Thursday, August 28, 2014

Limbo: Rectify and The Divide

Aden Young stars in Rectify, on the Sundance Channel

There’s a consensus opinion that we’re currently well into a Golden Age of creatively ambitious TV comparable to the movie renaissance of the 1960s and ‘70s, and maybe there’s evidence for that in the success and acclaim enjoyed by some of the most pretentious recent new series. Pretentious TV is nothing new, but in previous decades, “experimental” gobblers like Larry Gelbart’s United States (1980) and Jay Tarses’ The Days and Nights of Molly Dodd (1987-1991) were seen as network tax write-offs, indulgences bestowed upon successful veteran TV creators who wanted the chance to sound like auteurs in interviews with The New York Times. After a brief spell, these shows were cancelled or, in the case of Molly Dodd, shuffled off to die a lingering death on cable.

Nowadays, cable is where the action is, and viewers and critics are so eager to show that they’re up to the demands of this challenging medium that when a flawed show that’s clearly straining to join the pantheon arrives, they’ll give it a leg up and even fall over themselves concocting helpful theories explaining why what appear to be its biggest problems are actually the proof that it’s a masterpiece. If, for example, you got a little weary of the overcooked philosophical-hogwash that Matthew McConaughey was obliged to spout throughout True Detective, you may find it reassuring that some reviewers heard the same stuff and reached the thrilling conclusion that McConaughey’s character is not just full of shit but, as Isaac Chotiner insists in The New Republic, “borderline insane.” If this is right, then, when you combine it with the fact that McConaughey’s character is also a master detective whose view of the world seems to be that of the show’s itself, then what we seem to have here is a shiny new TV series modeled on all those dusty old counterculture movies, from Morgan! and King of Hearts to Werner Herzog’s films with Bruno S., in which the insane person is the only one who can clearly see what’s in front of him—unless what’s in front of him is the tall, scar-faced man he’s searching for, if the man happens sitting down in a flattering light. I’m not convinced that the bloviating hero of True Detective really is meant to be cuckoo for Cocoa Puffs, but the basic point remains: this could be a great time for people looking to build strong artistic reputations by spinning TV shows out of ideas that were done to death in movies and books and the theater decades ago.

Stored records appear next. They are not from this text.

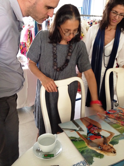 24.10.2012– גלית גאון ויריב ברנבלום מגיעים לביקור בביתה של גב' גוטליב ומופתעים מכמות הדגמים ומהמבחר הענק של בגדי ים וחוף, שנמצאים שם. גלית מקבלת החלטה מהירה: תערוכת המחווה לגב' גוטליב תתקיים בגלריה העליונה, שהיא הגלריה הגדולה. מה שאומר שנוכל להכניס יותר דגמים לתערוכה , וכמובן שעכשיו צריך מיון נוסף. הזמן הולך ומתקצר וכמות החומר גדלה כל הזמן. כשאני לא ממיינת דגמים בביתה של גב' גוטליב- אני שקועה עד צוואר בכתיבת הטקסטים לתערוכה. סדר היום שלי מורכב מ-80% עבודה על התערוכה ו-20% לכל השאר. למזלי, קרן בן-חורין מסייעת לי באיסוף החומר. מזל שהיא יכולה לעבוד מרחוק ולשלוח לי את החומר מניו-יורק ומזל ש'סינדי', הסופה האיומה, אילצה את קרן להישאר שבוע שלם בבית…בכל ביקור בבית גוטליב, אני רואה איך גב' גוטליב הולכת ונחלשת והקשר שלה עם הסביבה הולך ומצטמצם.
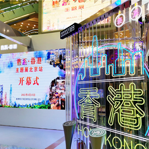 此次主題展展臺外觀通透明亮,內(nèi)部搭配錯落有致的霓虹招牌,還呈現(xiàn)香港古跡和香港街道的場景,讓觀眾身在北京也能感受到香港豐富多元的都巿面貌,體驗濃厚的“港風(fēng)”。展覽分為六大主題,包括“香港連接內(nèi)地與世界的橋梁功能”“商貿(mào)金融和創(chuàng)新科技”“多元文藝發(fā)展”“薈萃古今中外文化的特色”“綠色城市風(fēng)光”“京港合作交流”。展臺還設(shè)有兩個互動裝置,以富有趣味的方式讓參觀者“連系”香港,并為香港送上祝福。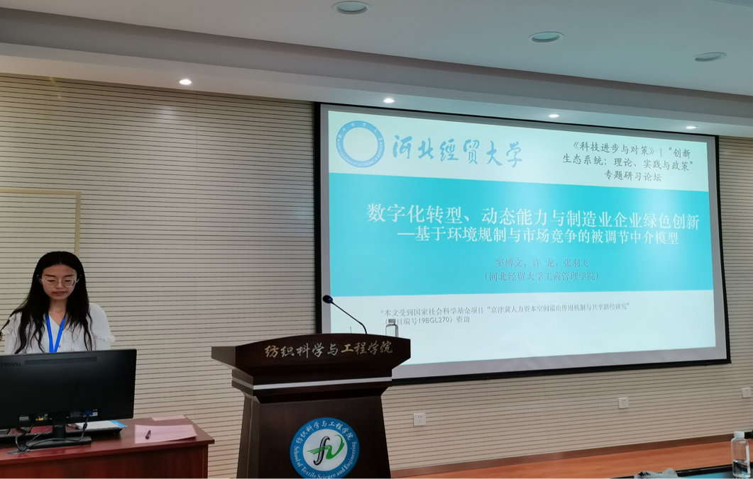该论坛由西安工程大学、湖北省科技信息研究院《科技进步与对策》杂志社主办,西安工程大学管理学院、《科技进步与对策》编辑部、《科技进步与对策》青年学术委员会承办,西安循数信息科技有限公司、湖北省科技传媒有限责任公司协办,受到了学术界与实践界的切实关注和热烈响应,来自全国几十所高校与科研院所的多名专家学者出席了本次盛会。bat365官网许龙、张羽飞、石晓飞以及西安交通大学管理学院原长弘教授的合作论文《熟能生巧还是固步自封?产学研联盟组合模式重复度对科技型中小企业成长绩效的影响研究》,张羽飞、许龙及原长弘的合作论文《从创新协同到深度融合:产学研融合新实践的概念辨析、理论框架与未来展望》,张羽飞、刘培琪及原长弘的《产学研融合可以提高制造业领军企业关键核心技术突破绩效吗-兼论政府与市场双元制度情景的调节作用》及许龙、张羽飞指导下的硕士研究生窦博文的《数字化转型、动态能力与制造业企业绿色创新——基于环境规制与市场竞争的被调节中介模型》四篇论文入选并受邀在分论坛及论文工作坊进行汇报交流。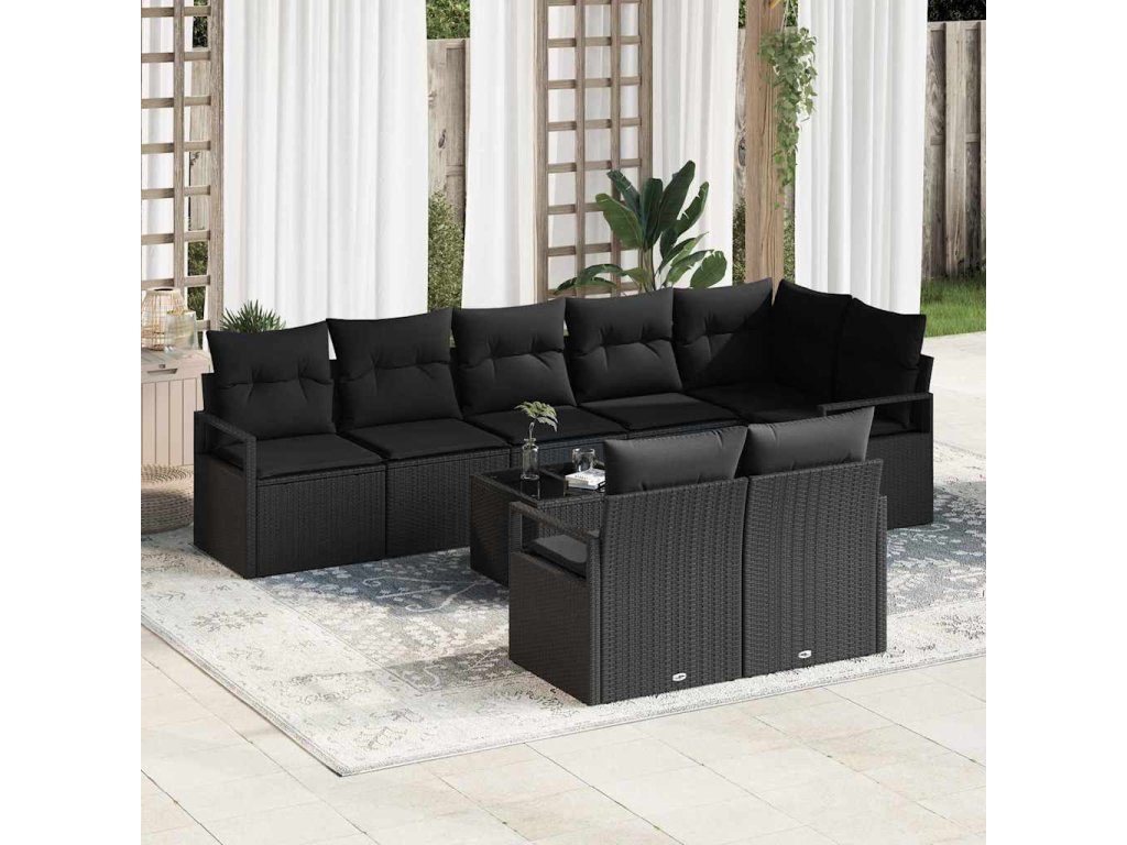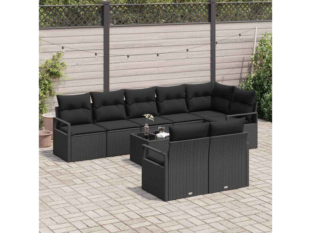 Set pohovek s polštářem 9 pcs Černá polyratan 3346443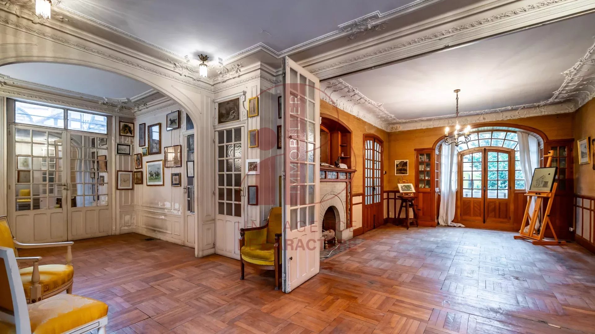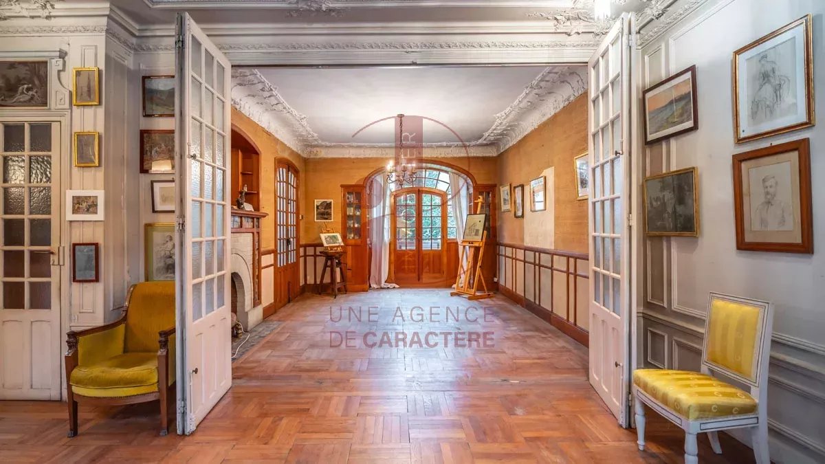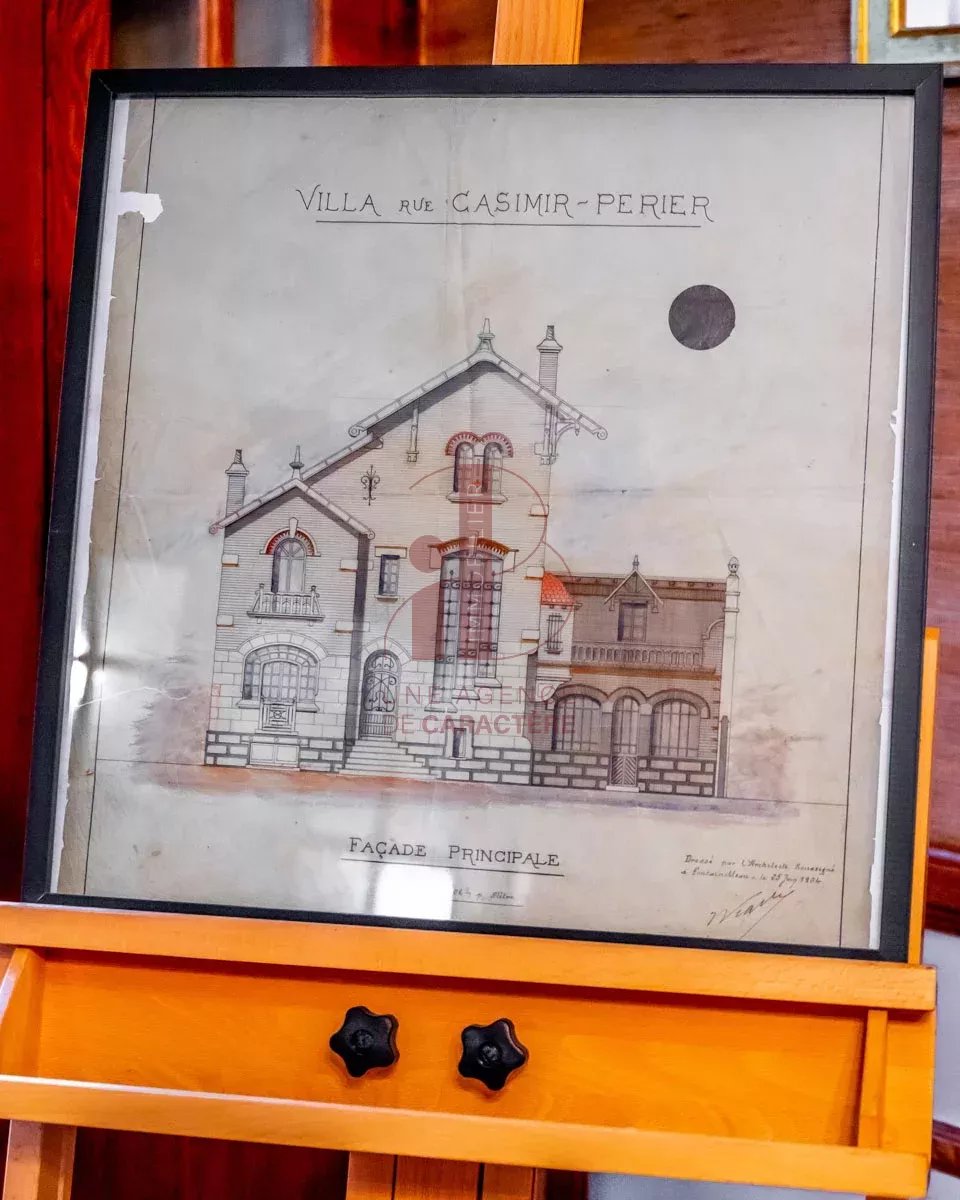 Ideally located in FONTAINEBLEAU (77300), in the heart of a residential environment of architectural quality. Nestled near the city center, schools and the Fontainebleau forest, this residence of 302.95 m² of living space, classified "Remarkable", offers a rare opportunity to live in a setting steeped in history and charm. Built by the famous architect Jules VIATTE at the beginning of the 20th century, who himself lived there, also recognized as a painter and engraver, this property has carefully preserved all the characteristic elements of Art Nouveau. As soon as you enter, the atmosphere of yesteryear envelops you with a sumptuous stained glass window representing an orange tree. The property's living spaces include MAGNIFICENT RECEPTION ROOMS, bathed in natural light, adorned with moldings and cornices that add a touch of refinement and timeless elegance. A LIVING ROOM signed by the painter Paul TAVERNIER, a DINING ROOM and a WORKSHOP with its skylight and bay window offer a diversity of atmosphere. A very beautiful OFFICE SPACE with its fireplace and its mezzanine giving access to the roof terrace of 36.83 m² as well as a kitchen. From the living room, open a door, go down the steps and you will discover a 30 m² space to be converted into a DINING KITCHEN. On the first floor, THREE BEDROOMS, one with access to the roof terrace and two bathrooms with WC. On the second floor, TWO BEDROOMS, a bathroom with WC and an attic. The basement, a true functional extension, includes a laundry room, a toilet, a kitchen, a boiler room, a cellar, an office and two rooms to be defined according to your needs and preferences. This unique property offers an opportunity to merge the charm of history with the comfort of urban living, just a stone's throw from the heart of the city. A little history note : Architect and painter Jules Viatte, disciple of Eugène Grasset, settled in Fontainebleau in the late 1890s, taking on significant construction projects during a period of architectural boom in the city . He built several properties in Fontainebleau, including the Pierrotet house, built for the Javal family in 1901. Classified as a remarkable building, this work of Art Nouveau illustrates the style dear to him. Technical notes: renovation work to be planned, single-glazed wooden frames, forced-air gas heating with hatches in the floor. This PROPERTY offers a whole ART OF LIVING in an area sought after for its elegance, its proximity to schools, the heart of the shopping city and the forest. Your contact Marielle DELLOYE BALOUZAT: 06 08 47 82 46/01.60.74.56.40 - marielle@ibimmobilier.fr

This “what the emperor was wearing when today’s smart cultural gatekeepers weren’t born yet” theory may be the best explanation for the otherwise inexplicable success of Rectify, which has just completed its second season on SundanceTV and has a third one already lined up. SundanceTV started out, back in the late ‘90s, as the Sundance Channel, a broadcast arm of the Sundance Film Festival; it used to show wall-to-wall independent movies, including some real obscure winners that had failed to achieve theatrical distribution or even a DVD release, such as The Target Shoots First, Christopher Wilcha’s funny, eye-opening documentary about his experiences working for the Columbia House mail-order club during the rise of alternative rock. Nowadays, SundanceTV plays pretty much the same roster of well-known “indie” movies as the similarly gelded Independent Film Channel, with commercial interruptions, while aiming to impress with such original TV programming as Jane Campion’s Top of the Lake and the excellent French series The Returned. Rectify was created by Ray McKinnon, a Georgia-born actor familiar for his roles in such movies as O Brother, Where Art Thou?, Take Shelter, and Mud, and as the gently unstable minister who Al Swearengen put out of his misery on the HBO series Deadwood; in indie-movie/art-TV circles, he, as Holly Hunter’s daughters said of his character in O Brother, is bona fide.